What the task asks:
The answer is to be an exact copy of the lines below running from the line with "Do tamanho perfeito" down to the line with "Wir, PerZukunft, suchen", both ends included, and nothing more.

Records to use:
--

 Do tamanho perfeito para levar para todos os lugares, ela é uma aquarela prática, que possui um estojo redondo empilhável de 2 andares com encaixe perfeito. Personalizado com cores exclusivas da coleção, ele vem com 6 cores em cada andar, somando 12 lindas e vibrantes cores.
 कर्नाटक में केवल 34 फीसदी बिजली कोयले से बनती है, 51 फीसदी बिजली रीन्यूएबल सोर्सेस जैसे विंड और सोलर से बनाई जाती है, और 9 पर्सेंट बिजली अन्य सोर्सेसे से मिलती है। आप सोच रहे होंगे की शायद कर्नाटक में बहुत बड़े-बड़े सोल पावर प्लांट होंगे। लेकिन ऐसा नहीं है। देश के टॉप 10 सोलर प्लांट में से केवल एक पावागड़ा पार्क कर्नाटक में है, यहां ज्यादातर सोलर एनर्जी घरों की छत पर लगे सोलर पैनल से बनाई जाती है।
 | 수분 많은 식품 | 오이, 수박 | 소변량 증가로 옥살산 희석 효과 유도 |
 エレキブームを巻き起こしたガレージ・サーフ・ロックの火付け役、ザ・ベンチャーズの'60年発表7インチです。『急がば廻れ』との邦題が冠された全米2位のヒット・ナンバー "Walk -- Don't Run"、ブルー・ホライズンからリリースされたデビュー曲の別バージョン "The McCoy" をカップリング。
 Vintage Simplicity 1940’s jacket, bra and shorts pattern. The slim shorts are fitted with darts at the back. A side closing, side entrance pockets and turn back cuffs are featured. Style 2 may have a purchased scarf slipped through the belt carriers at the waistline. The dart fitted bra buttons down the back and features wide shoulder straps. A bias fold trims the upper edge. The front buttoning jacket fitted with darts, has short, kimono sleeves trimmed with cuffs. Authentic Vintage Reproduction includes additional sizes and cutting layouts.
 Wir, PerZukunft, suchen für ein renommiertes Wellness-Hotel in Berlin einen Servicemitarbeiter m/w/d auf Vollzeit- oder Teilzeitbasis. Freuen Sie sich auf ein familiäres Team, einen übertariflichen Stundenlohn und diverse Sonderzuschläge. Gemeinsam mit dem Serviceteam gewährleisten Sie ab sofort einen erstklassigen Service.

--

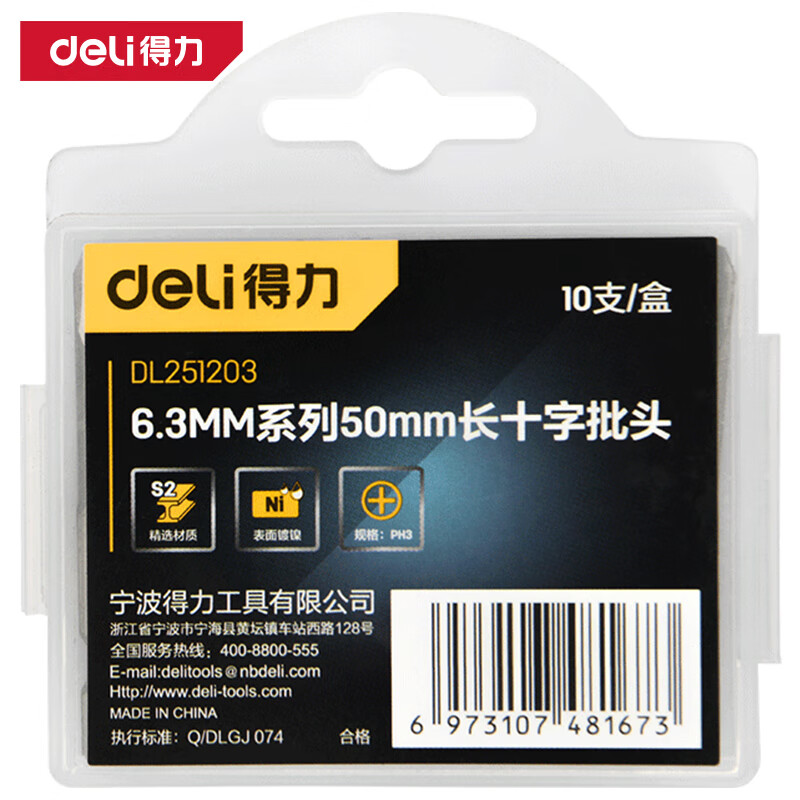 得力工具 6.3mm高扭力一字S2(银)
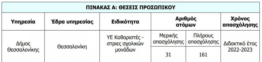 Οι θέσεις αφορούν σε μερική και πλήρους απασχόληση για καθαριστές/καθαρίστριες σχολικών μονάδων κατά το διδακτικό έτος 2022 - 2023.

--

Expected answer:
 Do tamanho perfeito para levar para todos os lugares, ela é uma aquarela prática, que possui um estojo redondo empilhável de 2 andares com encaixe perfeito. Personalizado com cores exclusivas da coleção, ele vem com 6 cores em cada andar, somando 12 lindas e vibrantes cores.
 कर्नाटक में केवल 34 फीसदी बिजली कोयले से बनती है, 51 फीसदी बिजली रीन्यूएबल सोर्सेस जैसे विंड और सोलर से बनाई जाती है, और 9 पर्सेंट बिजली अन्य सोर्सेसे से मिलती है। आप सोच रहे होंगे की शायद कर्नाटक में बहुत बड़े-बड़े सोल पावर प्लांट होंगे। लेकिन ऐसा नहीं है। देश के टॉप 10 सोलर प्लांट में से केवल एक पावागड़ा पार्क कर्नाटक में है, यहां ज्यादातर सोलर एनर्जी घरों की छत पर लगे सोलर पैनल से बनाई जाती है।
 | 수분 많은 식품 | 오이, 수박 | 소변량 증가로 옥살산 희석 효과 유도 |
 エレキブームを巻き起こしたガレージ・サーフ・ロックの火付け役、ザ・ベンチャーズの'60年発表7インチです。『急がば廻れ』との邦題が冠された全米2位のヒット・ナンバー "Walk -- Don't Run"、ブルー・ホライズンからリリースされたデビュー曲の別バージョン "The McCoy" をカップリング。
 Vintage Simplicity 1940’s jacket, bra and shorts pattern. The slim shorts are fitted with darts at the back. A side closing, side entrance pockets and turn back cuffs are featured. Style 2 may have a purchased scarf slipped through the belt carriers at the waistline. The dart fitted bra buttons down the back and features wide shoulder straps. A bias fold trims the upper edge. The front buttoning jacket fitted with darts, has short, kimono sleeves trimmed with cuffs. Authentic Vintage Reproduction includes additional sizes and cutting layouts.
 Wir, PerZukunft, suchen für ein renommiertes Wellness-Hotel in Berlin einen Servicemitarbeiter m/w/d auf Vollzeit- oder Teilzeitbasis. Freuen Sie sich auf ein familiäres Team, einen übertariflichen Stundenlohn und diverse Sonderzuschläge. Gemeinsam mit dem Serviceteam gewährleisten Sie ab sofort einen erstklassigen Service.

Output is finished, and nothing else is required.